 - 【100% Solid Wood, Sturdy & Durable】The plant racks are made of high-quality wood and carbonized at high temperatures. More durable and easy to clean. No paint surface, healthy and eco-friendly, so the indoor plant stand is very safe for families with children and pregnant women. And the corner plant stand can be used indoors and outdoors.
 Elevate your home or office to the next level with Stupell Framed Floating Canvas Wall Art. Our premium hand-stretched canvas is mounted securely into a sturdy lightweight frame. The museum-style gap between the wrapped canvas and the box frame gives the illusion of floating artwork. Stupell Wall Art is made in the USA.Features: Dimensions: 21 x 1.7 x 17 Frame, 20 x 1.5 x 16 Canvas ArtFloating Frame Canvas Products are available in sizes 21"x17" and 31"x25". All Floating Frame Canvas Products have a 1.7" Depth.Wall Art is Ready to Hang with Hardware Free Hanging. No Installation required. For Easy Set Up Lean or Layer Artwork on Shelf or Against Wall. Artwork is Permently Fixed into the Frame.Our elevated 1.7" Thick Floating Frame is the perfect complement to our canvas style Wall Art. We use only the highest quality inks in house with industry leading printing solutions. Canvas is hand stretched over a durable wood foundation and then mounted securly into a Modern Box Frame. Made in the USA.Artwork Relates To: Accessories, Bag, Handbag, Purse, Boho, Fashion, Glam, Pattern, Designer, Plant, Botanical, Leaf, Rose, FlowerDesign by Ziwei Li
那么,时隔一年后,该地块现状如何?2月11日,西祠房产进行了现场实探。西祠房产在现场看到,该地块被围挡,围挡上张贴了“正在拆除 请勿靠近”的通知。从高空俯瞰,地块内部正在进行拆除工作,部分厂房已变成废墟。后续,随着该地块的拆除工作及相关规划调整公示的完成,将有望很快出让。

_ _ _ _ _

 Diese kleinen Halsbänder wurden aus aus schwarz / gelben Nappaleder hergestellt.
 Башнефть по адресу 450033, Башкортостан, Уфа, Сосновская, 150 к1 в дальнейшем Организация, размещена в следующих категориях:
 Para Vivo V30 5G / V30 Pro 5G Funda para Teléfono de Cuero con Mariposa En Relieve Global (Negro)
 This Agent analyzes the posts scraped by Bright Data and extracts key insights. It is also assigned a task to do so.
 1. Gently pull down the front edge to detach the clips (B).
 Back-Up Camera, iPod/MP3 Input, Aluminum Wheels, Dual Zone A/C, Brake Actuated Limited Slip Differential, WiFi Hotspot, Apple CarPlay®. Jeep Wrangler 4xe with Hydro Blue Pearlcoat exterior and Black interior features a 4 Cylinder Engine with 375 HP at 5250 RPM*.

_ _ _ _ _

One stretch of the lines above is wanted, from the line that contains "Башнефть по адресу" through the line that contains "Back-Up Camera, iPod/MP3". Output it exactly.

 Башнефть по адресу 450033, Башкортостан, Уфа, Сосновская, 150 к1 в дальнейшем Организация, размещена в следующих категориях:
 Para Vivo V30 5G / V30 Pro 5G Funda para Teléfono de Cuero con Mariposa En Relieve Global (Negro)
 This Agent analyzes the posts scraped by Bright Data and extracts key insights. It is also assigned a task to do so.
 1. Gently pull down the front edge to detach the clips (B).
 Back-Up Camera, iPod/MP3 Input, Aluminum Wheels, Dual Zone A/C, Brake Actuated Limited Slip Differential, WiFi Hotspot, Apple CarPlay®. Jeep Wrangler 4xe with Hydro Blue Pearlcoat exterior and Black interior features a 4 Cylinder Engine with 375 HP at 5250 RPM*.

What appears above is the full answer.